Impact
IO::Uncompress::Unzip versions prior to 2.220 contain a per-byte read loop in the fastForward method that can exhaust CPU resources when extracting entries from user-supplied ZIP archives. The flaw arises because the loop compares the digit count of the offset against the chunk size, causing the chunk size to shrink from 16 KiB to 1–19 bytes per iteration. This aggressive shrinking forces the module to perform many iterations proportional to the compressed size of an entry, potentially up to the non‑Zip64 4 GiB limit, leading to a denial‑of‑service condition.

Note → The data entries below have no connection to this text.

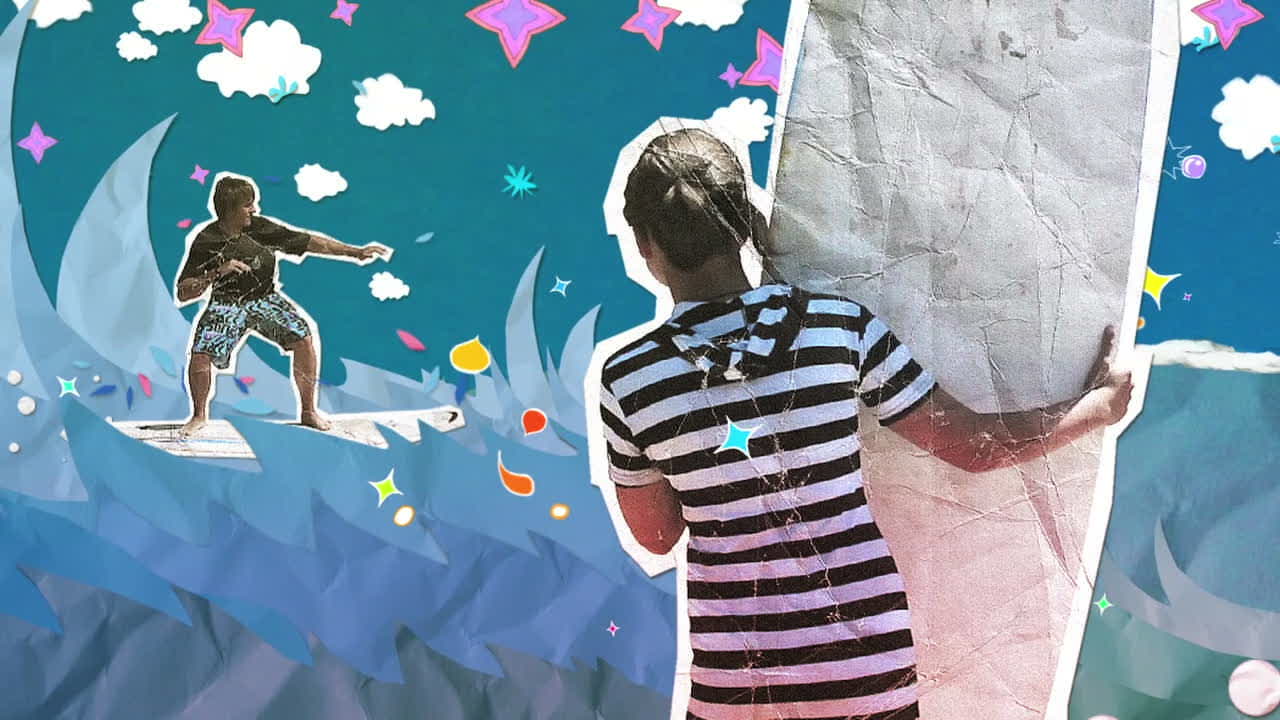 The visual concept combined stop-motion with crumpled paper textures, bringing together analog craft and digital motion in a playful, tactile way. Das Surfcamp was filmed on location in Moliets-et-Maâ, France. For the opening titles, over 700 pages were printed, physically crumpled using a custom technique, and reintegrated into the digital animation.
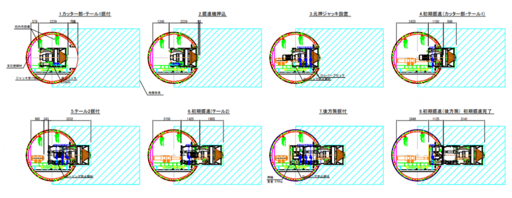 - 掘進機は、新たに第一修正と第二修正の間に分割面を設け、2,950㎜以内で初期掘進できる寸法にしました。
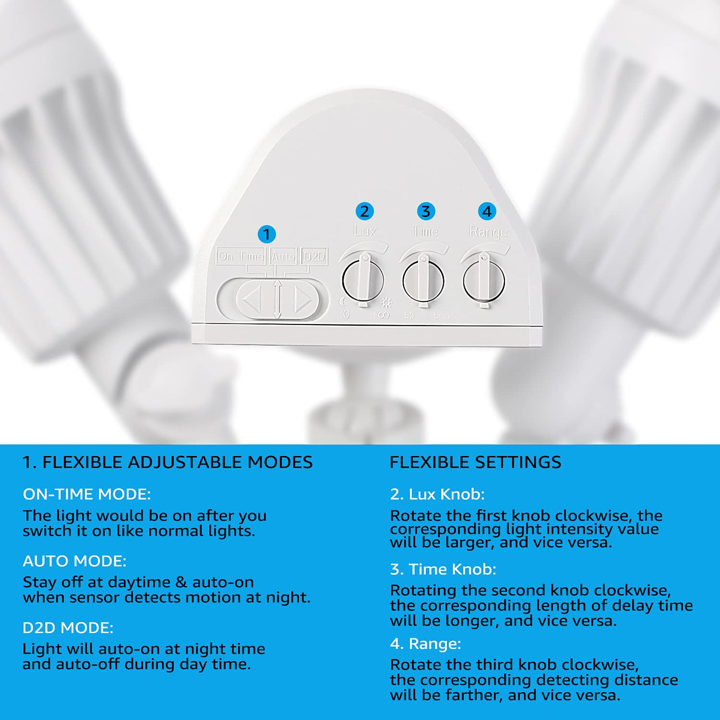 3 Operation Modes: ON-TIME MODE: Operating like a normal light bulb, lux and time range button become irresponsive. AUTO MODE: a.Adjust range to max first, then adjust your lux secondly. While lux is adjusted to maximum at sun, the light will be turned on any time during the day and night, and the light will only last for the certain amount of time set up by the TIME switch. b.While lux is adjusted to minimum, during the day when motion is detected, the sensor will flash an indicator light twice without turning on the main light; During night, the main light will be turned on with motion is detected and auto off with a delay of the TIME you set. D2D MODE (Dusk to Dawn): Adjust your lux to its minimum, then with 5-50 lux lighting environment, the light will be on regardless motion, when day comes and the lighting environment reaches 35-400 lux, the light will be turned off with a delay of the TIME you set. P.S. Each Lighting mode is controlled by adjusting the switch on the left side.
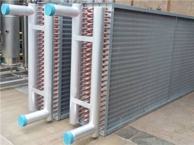 翅片式換熱器因采用機械繞片,散熱翅片與散熱管接觸面大而緊,傳熱性能良好、穩(wěn)定,空氣通過阻力小,蒸氣或熱水流經鋼管管內,熱量通過緊繞在鋼管上翅片傳給經過翅片間的空氣,達到加熱和冷卻空氣的作用。
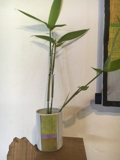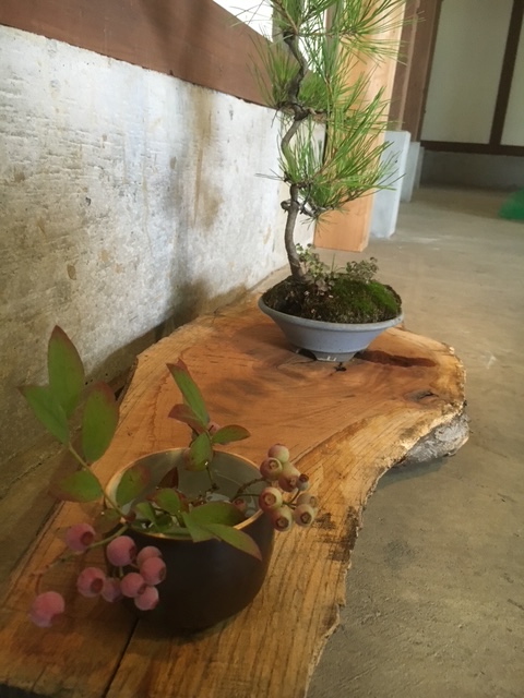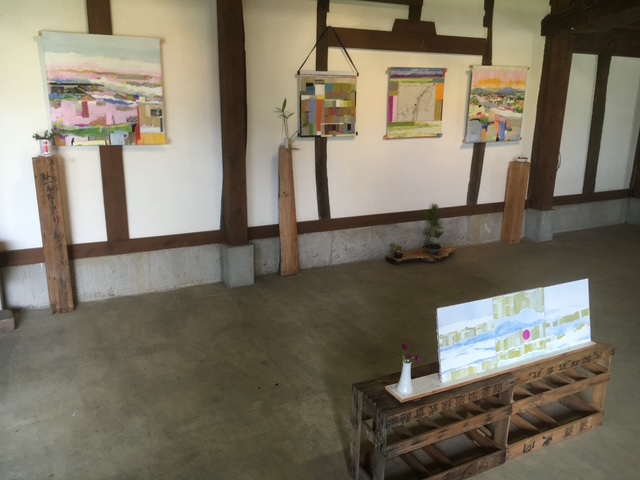 Shiro Oni has a gallery in a former Saki Brewery. Visiting artists had an exhibition that was well attended by the regional community and press. Each painting was hung as a scroll with a plant/container companion piece.
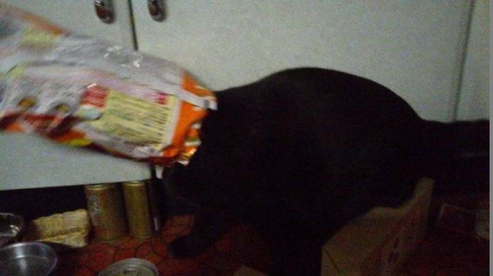 冷凍グラタンの空き袋に残るチーズの匂いに魅かれたもよう。
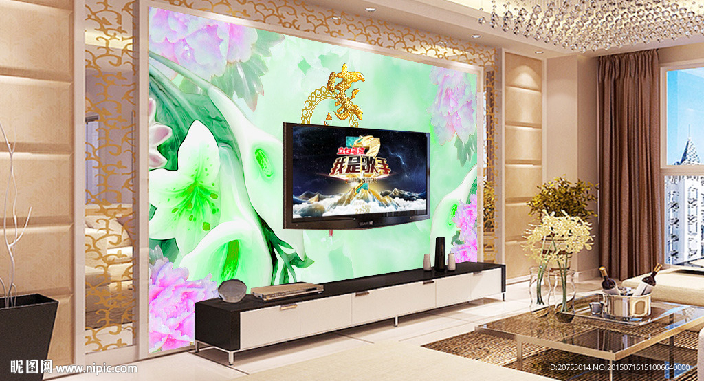 玉雕家和富贵电视背景墙图片
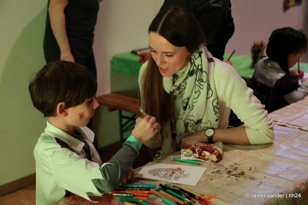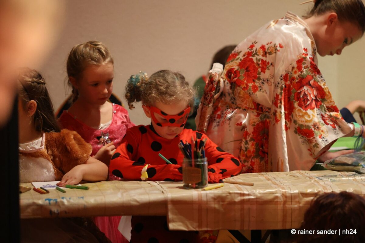 Auch beim Malen vertrugen sich Prinzessinnen, Supermänner, freche Maja-Bienen, Weltraumhelden, Polizisten, Jediritter, Meerjungfrauen, Wilde Tiger, zahme Kätzchen sowie eine bunte Tier- und Comicwelt bestens. Zwischendurch suchten Spidermen, Rudi Raabe, Bob der Baumeister oder Super Mario um die Wette mit Harry Potter nach Katzenbildern. Es war zweitrangig, dass die Blauen vor den Gelben siegten. Der Spaß und die Erlaubnis, auch mal unter die Tische zu krabbeln, zählte.

The weakness can be described as a resource exhaustion flaw (CWE‑407).
Affected Systems
Vendors affected include PMQS with the IO::Uncompress::Unzip module. All releases before version 2.220 are vulnerable; the fix was introduced in release 2.220.
Risk and Exploitability
The vulnerability has no CVSS score listed in the provided data, and the EPSS score is not available, so a precise quantification of exploitation likelihood is not possible from the data. It is not listed in the CISA KEV catalog. Attackers can trigger the CPU exhaustion by supplying a crafted ZIP file containing a targeted entry and invoking IO::Uncompress::Unzip->new($zip, Name => $target). The probable attack surface is any environment that unpacks or inspects user‑supplied ZIP archives, such as web applications or services that accept file uploads. The failure mode requires that the vulnerable module process the file, which can be exploited remotely if the upload mechanism is exposed.